■ **YOUR GOAL**: Output each record below exactly, and include all of them.

(Stored data)
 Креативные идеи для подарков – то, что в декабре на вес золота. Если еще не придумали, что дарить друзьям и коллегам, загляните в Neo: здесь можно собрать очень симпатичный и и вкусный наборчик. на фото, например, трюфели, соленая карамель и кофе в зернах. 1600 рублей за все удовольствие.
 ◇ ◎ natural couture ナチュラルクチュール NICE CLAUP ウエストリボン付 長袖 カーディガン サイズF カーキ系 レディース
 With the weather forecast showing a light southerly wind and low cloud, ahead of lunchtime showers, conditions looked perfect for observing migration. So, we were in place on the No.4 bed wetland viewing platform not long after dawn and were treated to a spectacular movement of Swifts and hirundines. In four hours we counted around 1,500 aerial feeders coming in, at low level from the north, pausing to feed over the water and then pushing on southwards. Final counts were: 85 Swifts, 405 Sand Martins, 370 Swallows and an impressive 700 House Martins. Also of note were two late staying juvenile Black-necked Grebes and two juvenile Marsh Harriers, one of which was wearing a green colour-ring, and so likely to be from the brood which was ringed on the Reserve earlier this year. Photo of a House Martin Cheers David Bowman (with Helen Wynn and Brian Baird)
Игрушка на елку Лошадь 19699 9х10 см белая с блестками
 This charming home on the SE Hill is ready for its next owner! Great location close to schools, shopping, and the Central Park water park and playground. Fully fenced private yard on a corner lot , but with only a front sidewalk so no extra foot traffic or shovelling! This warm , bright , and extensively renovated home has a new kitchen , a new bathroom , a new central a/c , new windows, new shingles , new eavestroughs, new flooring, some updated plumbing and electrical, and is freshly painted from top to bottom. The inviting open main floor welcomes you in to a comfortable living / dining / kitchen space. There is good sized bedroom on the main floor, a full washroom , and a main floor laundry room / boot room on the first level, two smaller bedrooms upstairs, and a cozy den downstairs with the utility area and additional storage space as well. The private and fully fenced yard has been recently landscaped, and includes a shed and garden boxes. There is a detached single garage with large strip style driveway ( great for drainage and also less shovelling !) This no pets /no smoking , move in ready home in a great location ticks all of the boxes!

■ **RESPONSE AREA**:
 Креативные идеи для подарков – то, что в декабре на вес золота. Если еще не придумали, что дарить друзьям и коллегам, загляните в Neo: здесь можно собрать очень симпатичный и и вкусный наборчик. на фото, например, трюфели, соленая карамель и кофе в зернах. 1600 рублей за все удовольствие.
 ◇ ◎ natural couture ナチュラルクチュール NICE CLAUP ウエストリボン付 長袖 カーディガン サイズF カーキ系 レディース
 With the weather forecast showing a light southerly wind and low cloud, ahead of lunchtime showers, conditions looked perfect for observing migration. So, we were in place on the No.4 bed wetland viewing platform not long after dawn and were treated to a spectacular movement of Swifts and hirundines. In four hours we counted around 1,500 aerial feeders coming in, at low level from the north, pausing to feed over the water and then pushing on southwards. Final counts were: 85 Swifts, 405 Sand Martins, 370 Swallows and an impressive 700 House Martins. Also of note were two late staying juvenile Black-necked Grebes and two juvenile Marsh Harriers, one of which was wearing a green colour-ring, and so likely to be from the brood which was ringed on the Reserve earlier this year. Photo of a House Martin Cheers David Bowman (with Helen Wynn and Brian Baird)
Игрушка на елку Лошадь 19699 9х10 см белая с блестками
 This charming home on the SE Hill is ready for its next owner! Great location close to schools, shopping, and the Central Park water park and playground. Fully fenced private yard on a corner lot , but with only a front sidewalk so no extra foot traffic or shovelling! This warm , bright , and extensively renovated home has a new kitchen , a new bathroom , a new central a/c , new windows, new shingles , new eavestroughs, new flooring, some updated plumbing and electrical, and is freshly painted from top to bottom. The inviting open main floor welcomes you in to a comfortable living / dining / kitchen space. There is good sized bedroom on the main floor, a full washroom , and a main floor laundry room / boot room on the first level, two smaller bedrooms upstairs, and a cozy den downstairs with the utility area and additional storage space as well. The private and fully fenced yard has been recently landscaped, and includes a shed and garden boxes. There is a detached single garage with large strip style driveway ( great for drainage and also less shovelling !) This no pets /no smoking , move in ready home in a great location ticks all of the boxes!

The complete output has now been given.